(Task requirements):
Each line between the one holding "META 跌破3年来的1周期MA100。大规模抛售在即。" and the end of the material below, both included, is to be transcribed word for word, with pictures left out.

(Provided data):
----

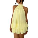 Step into effortless summer glamour with our Women's Chiffon Halter Backless Ruffle Mini Dress—your new go-to for every sunny or festive moment!
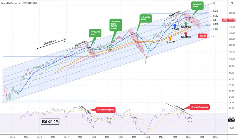 META 跌破3年来的1周期MA100。大规模抛售在即。
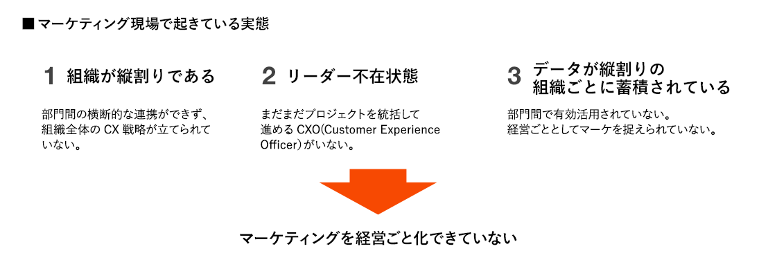 企業やブランドがCX戦略を実行するにはどうすればいいか、足立はまず日々マーケティングの現場で感じる問題点を洗い出しました。

----

(Completed task):
 META 跌破3年来的1周期MA100。大规模抛售在即。
 企業やブランドがCX戦略を実行するにはどうすればいいか、足立はまず日々マーケティングの現場で感じる問題点を洗い出しました。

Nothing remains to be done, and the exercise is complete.